* [TASK DESCRIPTION] Every record is to be duplicated exactly as it reads, without its images.

Stored data entries

►

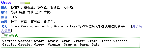 2. 點(diǎn)擊“提交”按鈕,系統(tǒng)即可為您起出符合要求的英文名。以下是英文名“Grace”的解釋信息。
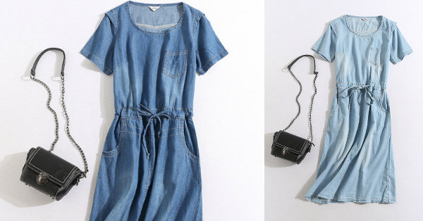 Denim Pocket Short Sleeve O-neck Casual Dresses
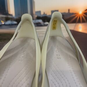 Step out in style with these Crocs Isabella flats, perfect for any casual or travel occasion. The slip-on design and open toe make them easy to wear, while the lightweight and breathable synthetic upper material ensures comfort all day long. These flats come in a metallic yellow color with a metal theme, and are available in US shoe size 7 for women. The Crocs brand is known for its quality and durability, making these shoes a great addition to any wardrobe. Whether you're heading out for a summer day or a fall evening, these Crocs Isabella flats are the perfect choice.
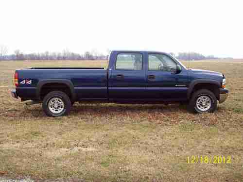 You are viewing a 2002 Chevrolet Silverado 2500 HD crew cab 4x4 truck. I have owned it since 2007 and believe I am the second owner. It has been a good truck and I am only selling it because I have changed jobs and no longer need a truck. I attempted to maintain it well. You will see from the pictures it looks pretty good. I bought alloy rims to replace the stock steel wheels. I have added a Sony CD player and a bug shield. I also added the receiver and wiring so I know it didn't pull a trailer the first five years of its life. The following items have been changed relatively recently: fuel pump, transmission filter & oil, trasfer case oil, front & rear differential oil, engine oil, air filter, rear ceramic brake pads and rotors, spark plugs, spark plug wires, PCV valve, fuel filter, battery r and rear axel seals.
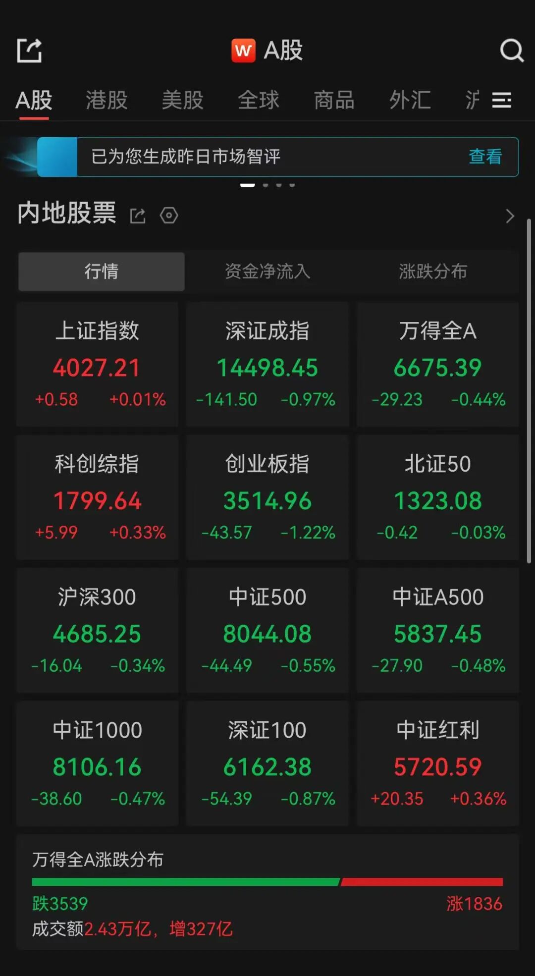 全市成交额2.43万亿,超3500只个股下跌。
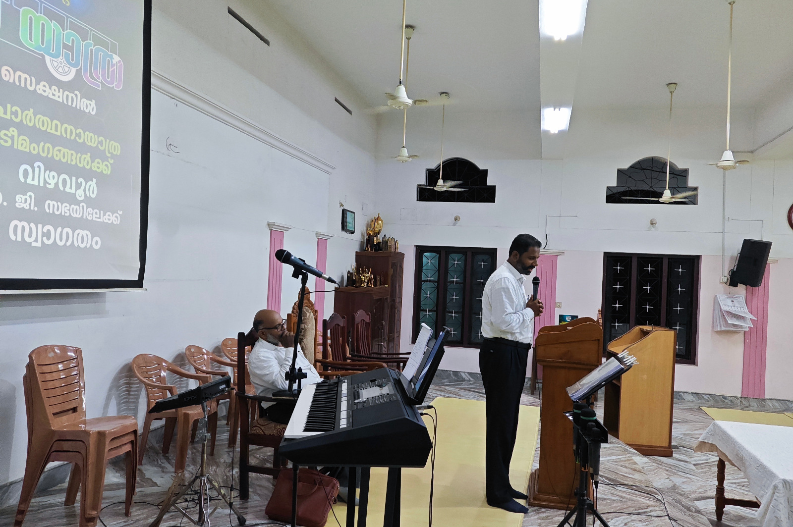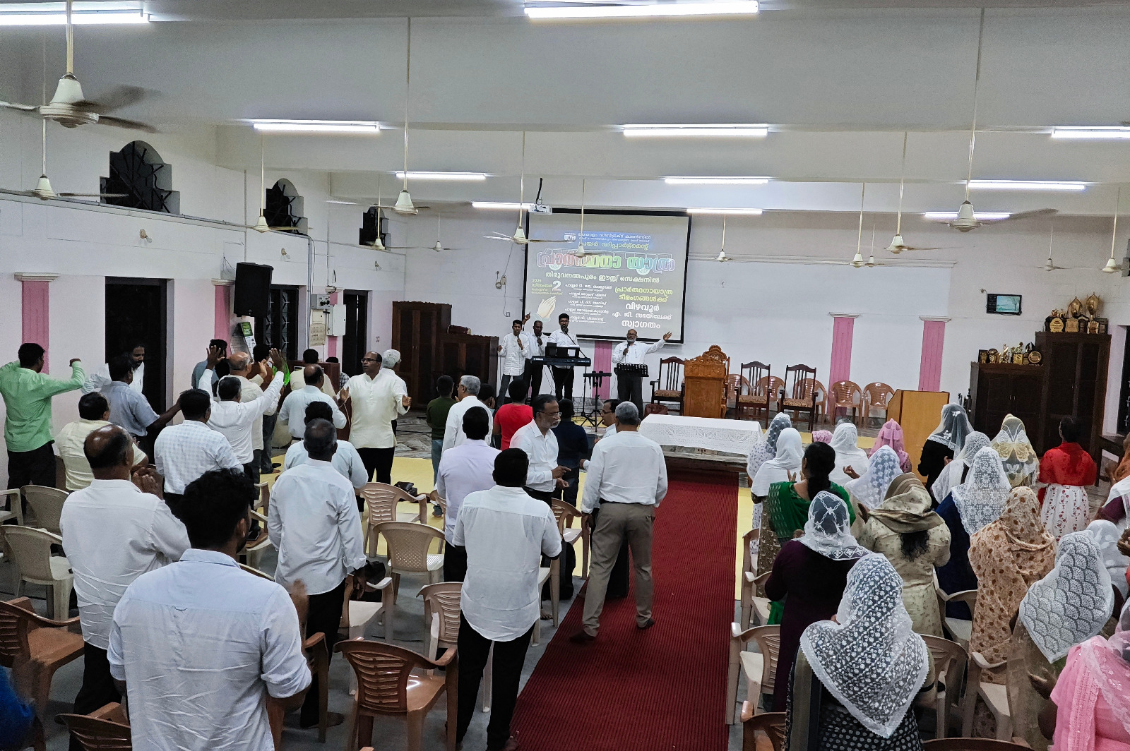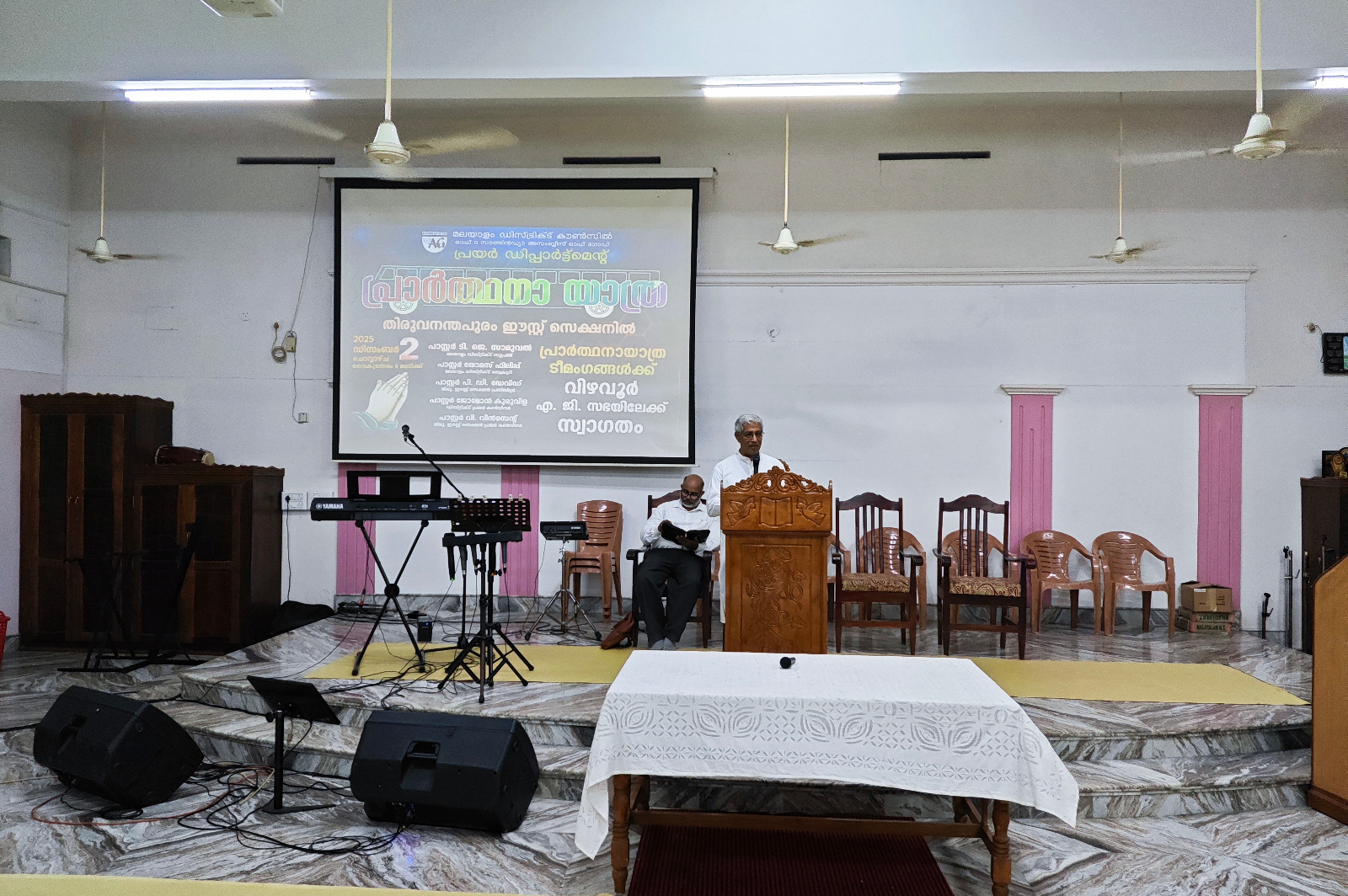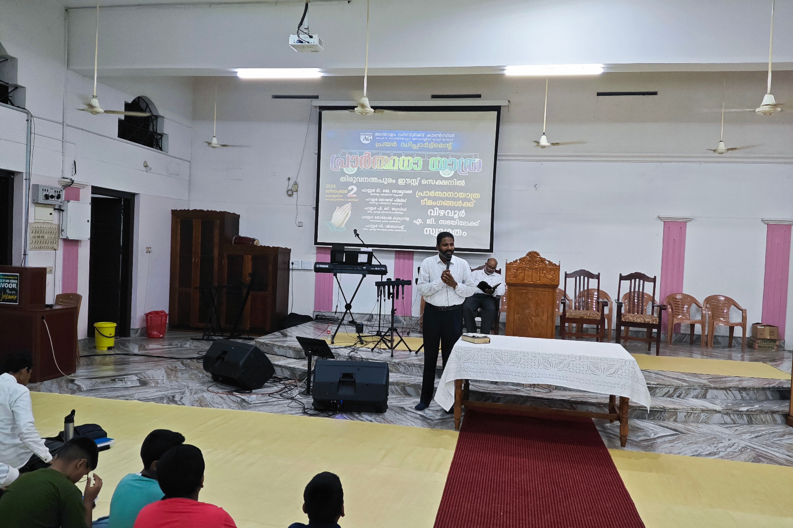 എ. ജി. മലയാളം ഡിസ്ട്രിക്ട് എക്സിക്യൂട്ടീവ് കമ്മിറ്റിയുടെയും ഡിസ്ട്രിക്ട് പ്രയര് ഡിപ്പാര്ട്ട്മെന്റിന്റെയും നേതൃത്വത്തില് 2025 ഡിസംബര് 1 മുതല് 13 വരെ തിരുവനന്തപുരം മുതല് തൃശ്ശൂര് വരെ നടന്ന പ്രാര്ത്ഥനായാത്ര ഡിസംബര് 2-ന് വൈകുന്നേരം വിഴവൂര് സഭയില് എത്തിച്ചേര്ന്നു. സൂപ്രണ്ട് പാസ്റ്റര് ടി. ജെ. സാമുവലും പ്രയര് ഡിപ്പാര്ട്ട്മെന്റ് കണ്വീനര് പാസ്റ്റര് ജോമോന് കുരുവിളയും സഭയില് നടന്ന മീറ്റിംഗിന് നേതൃത്വം നല്കി. തിരുവനന്തപുരം ഈസ്റ്റ് സെക്ഷന് പ്രസ്ബിറ്റര് പാസ്റ്റര് പി. ഡി. ഡേവിഡ് അദ്ധ്യക്ഷത വഹിച്ചു. 22 പേരടങ്ങുന്ന ടീം മലയാളം ഡിസ്ട്രിക്ടിന് സ്പോണ്സറായി ലഭിച്ച പുതിയ ബസ്സിലായിരുന്നു ഈ പര്യടനം നടത്തിയത്. 2-ാം തീയതി വൈകുന്നേരം 6 മുതല് 9 വരെ സഭയില് നടന്ന മീറ്റിംഗില് ദക്ഷിണമേഖലയിലെ അനേകം ദൈവമക്കള് പങ്കെടുത്തു. സഭാശുശ്രൂഷകന് പാസ്റ്റര് ബിജുകുമാര് ഡി. വി. യും ഈ പ്രാര്ത്ഥനാ ടീമില് അംഗമായിരുന്നു. കടന്നു വന്ന അതിഥികള്ക്ക് സഭയില് നിന്നും ഭക്ഷണവും സഭയിലെ വിവിധ ഭവനങ്ങളില് താമസവും ഒരുക്കിയിരുന്നു.

◄

* [SOLUTION FOR THIS PROBLEM]
 2. 點(diǎn)擊“提交”按鈕,系統(tǒng)即可為您起出符合要求的英文名。以下是英文名“Grace”的解釋信息。
 Denim Pocket Short Sleeve O-neck Casual Dresses
 Step out in style with these Crocs Isabella flats, perfect for any casual or travel occasion. The slip-on design and open toe make them easy to wear, while the lightweight and breathable synthetic upper material ensures comfort all day long. These flats come in a metallic yellow color with a metal theme, and are available in US shoe size 7 for women. The Crocs brand is known for its quality and durability, making these shoes a great addition to any wardrobe. Whether you're heading out for a summer day or a fall evening, these Crocs Isabella flats are the perfect choice.
 You are viewing a 2002 Chevrolet Silverado 2500 HD crew cab 4x4 truck. I have owned it since 2007 and believe I am the second owner. It has been a good truck and I am only selling it because I have changed jobs and no longer need a truck. I attempted to maintain it well. You will see from the pictures it looks pretty good. I bought alloy rims to replace the stock steel wheels. I have added a Sony CD player and a bug shield. I also added the receiver and wiring so I know it didn't pull a trailer the first five years of its life. The following items have been changed relatively recently: fuel pump, transmission filter & oil, trasfer case oil, front & rear differential oil, engine oil, air filter, rear ceramic brake pads and rotors, spark plugs, spark plug wires, PCV valve, fuel filter, battery r and rear axel seals.
 全市成交额2.43万亿,超3500只个股下跌。
 എ. ജി. മലയാളം ഡിസ്ട്രിക്ട് എക്സിക്യൂട്ടീവ് കമ്മിറ്റിയുടെയും ഡിസ്ട്രിക്ട് പ്രയര് ഡിപ്പാര്ട്ട്മെന്റിന്റെയും നേതൃത്വത്തില് 2025 ഡിസംബര് 1 മുതല് 13 വരെ തിരുവനന്തപുരം മുതല് തൃശ്ശൂര് വരെ നടന്ന പ്രാര്ത്ഥനായാത്ര ഡിസംബര് 2-ന് വൈകുന്നേരം വിഴവൂര് സഭയില് എത്തിച്ചേര്ന്നു. സൂപ്രണ്ട് പാസ്റ്റര് ടി. ജെ. സാമുവലും പ്രയര് ഡിപ്പാര്ട്ട്മെന്റ് കണ്വീനര് പാസ്റ്റര് ജോമോന് കുരുവിളയും സഭയില് നടന്ന മീറ്റിംഗിന് നേതൃത്വം നല്കി. തിരുവനന്തപുരം ഈസ്റ്റ് സെക്ഷന് പ്രസ്ബിറ്റര് പാസ്റ്റര് പി. ഡി. ഡേവിഡ് അദ്ധ്യക്ഷത വഹിച്ചു. 22 പേരടങ്ങുന്ന ടീം മലയാളം ഡിസ്ട്രിക്ടിന് സ്പോണ്സറായി ലഭിച്ച പുതിയ ബസ്സിലായിരുന്നു ഈ പര്യടനം നടത്തിയത്. 2-ാം തീയതി വൈകുന്നേരം 6 മുതല് 9 വരെ സഭയില് നടന്ന മീറ്റിംഗില് ദക്ഷിണമേഖലയിലെ അനേകം ദൈവമക്കള് പങ്കെടുത്തു. സഭാശുശ്രൂഷകന് പാസ്റ്റര് ബിജുകുമാര് ഡി. വി. യും ഈ പ്രാര്ത്ഥനാ ടീമില് അംഗമായിരുന്നു. കടന്നു വന്ന അതിഥികള്ക്ക് സഭയില് നിന്നും ഭക്ഷണവും സഭയിലെ വിവിധ ഭവനങ്ങളില് താമസവും ഒരുക്കിയിരുന്നു.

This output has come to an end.